Among the rules the management of change seems very important. How does a good manager behave in these cases?
It is a very important issue because, these days, it is highly felt. Change is getting faster and more widespread. The leader of the past tried to protect the team from change, almost getting in the way and creating a barrier. Today, to act this way would only damage the team and, consequently, the work. Instead, we must guide everyone to embrace change, setting it up and practicing it first. And teaching how to turn it into an opportunity. It's not easy, people are hesitant and suspicious in the face of new things. But these days, it has become crucial.
We must guide everyone to embrace change, setting it up and practicing it first. And teaching how to turn it into an opportunity
In the book you also provide a pattern to follow in these cases, it seems very useful.
We divide the change into four phases: the first is the status quo, so-called “normality”. This is followed by “disruption”, which begins as soon as the change is announced. Emotional tensions burst into the picture, it is a time of great stress and uncertainty. You can overcome it by teaming up and sharing information. After that is the adoption phase: when the resistance begins to subside and a phase of adaptation to the new reality begins. At work you will see a first improvement in the results. Finally, overcoming change when performance improves. You have emerged from the tunnel and the results should be higher than the phase before the change. The important thing is to manage everything quickly and standing on the surface. These things need to be resolved as quickly as possible.
The sixth and final rule concerns the best management of time and energy, to protect psychophysical well-being. Shouldn’t it be put first?
That’s right. Being able to manage time and energy is essential, almost a necessary precondition to then do all the work well.
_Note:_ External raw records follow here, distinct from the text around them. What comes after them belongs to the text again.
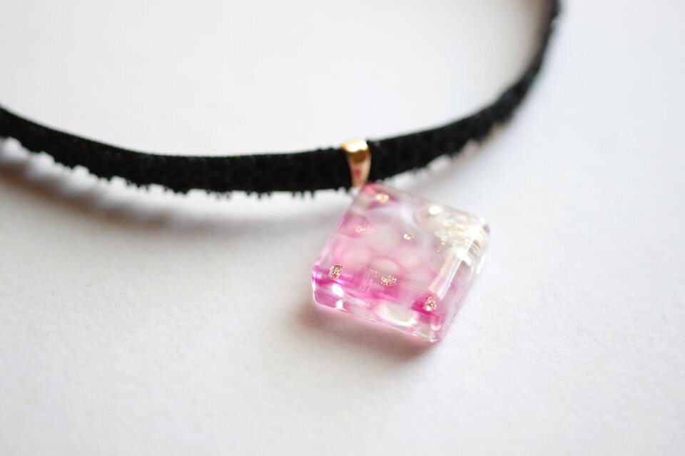 レジンでスクエアモチーフのチョーカーを作りました♪
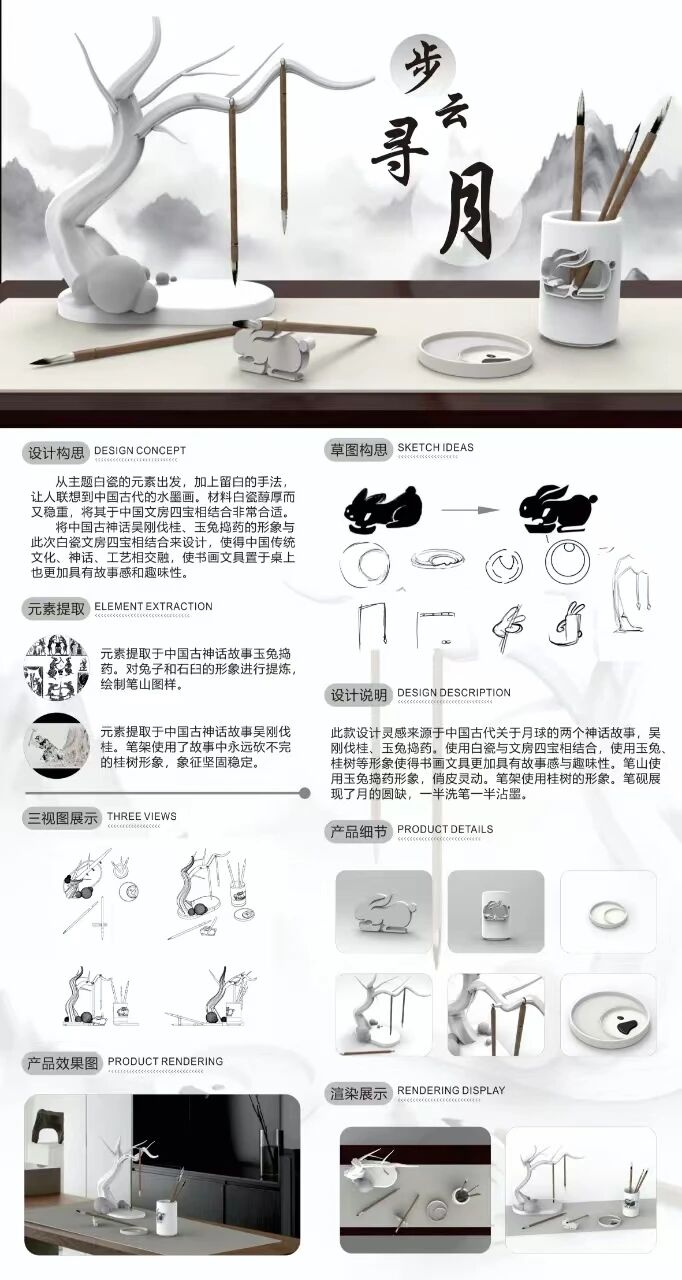 对虞皓逸而言,工业设计是兼顾热爱与适配度的理想选择。它是一门真正的复合型专业,既蕴含文科的思辨特质,又兼具理科的技术内涵。选择了工业设计专业,虞皓逸得以将自身的绘画兴趣与对自由灵活职业状态的期待融为一体。“生活中能接触到的一切,笔、桌子、电脑甚至医疗设备,都可能成为设计对象”,这是她对专业的理解。因此,她在填报高考志愿时将工业设计列为第一选择,成功开启了与设计专业相伴的大学时光。虞皓逸自认为在设计方面没有过人天赋,于是在设计工作中投入了更多时间和精力。在中国好创意暨全国数字艺术设计大赛中,她以“嫦娥奔月”“吴刚伐桂”的神话为灵感,将传统纹样融入文房四宝的经典形态,同时通过模块化设计升级使用体验。从前期的需求分析、草图构思,到三维建模时反复优化结构合理性,再到渲染阶段逐帧调整细节呈现,每个环节她都反复打磨,最终作品荣获中国风传统文化类一等奖。
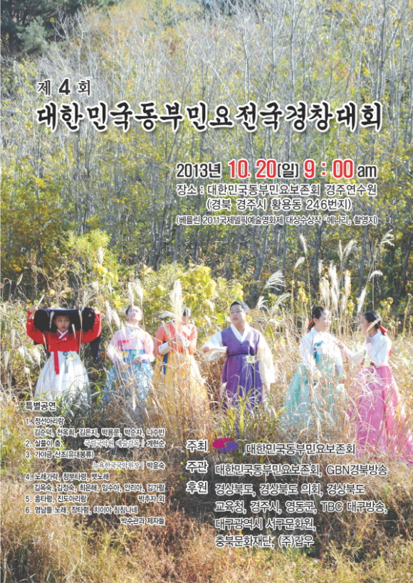 |  | | | ↑↑ 제4회 대한민국동부민요전국경창대회 포스트 | | ⓒ GBN 경북방송 | |
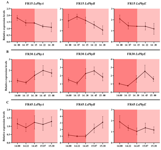 Dynamic expression of three phytochrome genes LsPhyA, LsPhyB, and LsPhyE under different intermittent far-red light treatments. (A) Dynamic expression in the FR15 treatment, with far-red light on from 14:00 to 14:15 and off from 14:15 to 14:30. (B) Dynamic expression in the FR30 treatment, with far-red light on from 14:00 to 14:30 and off from 14:30 to 15:00. (C) Dynamic expression in the FR45 treatment, with far-red light on from 14:00 to 14:45 and off from 14:45 to 15:30. The values are the mean ± SEM of three replicates.
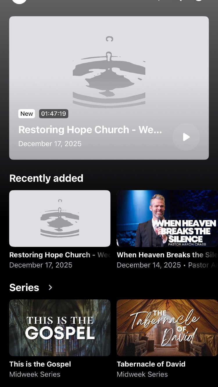 This app is where you can: - Watch or listen to Restoring Hope Church messages - Stay up-to-date and sign-up for upcoming events - Download messages for offline listening - Make a secure gift

But the rules are not arranged according to a ranking. It is a circular vision: each of them is connected to the others, they talk to each other. For this reason, staying healthy and having a work-life balance is essential. Leaders need to learn to do it for themselves. And more importantly, they need to learn how to get their team members to do it as well. It requires a special sensitivity, as well as the ability to imagine needs and desires different from your own.
These six rules look general. But can they be applied in all cultures of the world?
Yes, I do. I have worked in 10 different countries and four continents. My experience suggests to me that we are more alike than we tend to believe. There are superficial differences, but deep down we are alike. Between aspirations, frustrations, desires, dreams and gratification, not much changes. So I think, in principle, these rules can work anywhere. Sure, with some caution. In some cultures, for example Asian ones, it would be absurd to give feedback to the boss – something we recommend doing. You have to adapt, reinvent them with creativity but without distorting them. And without offending the cultural context in which you are.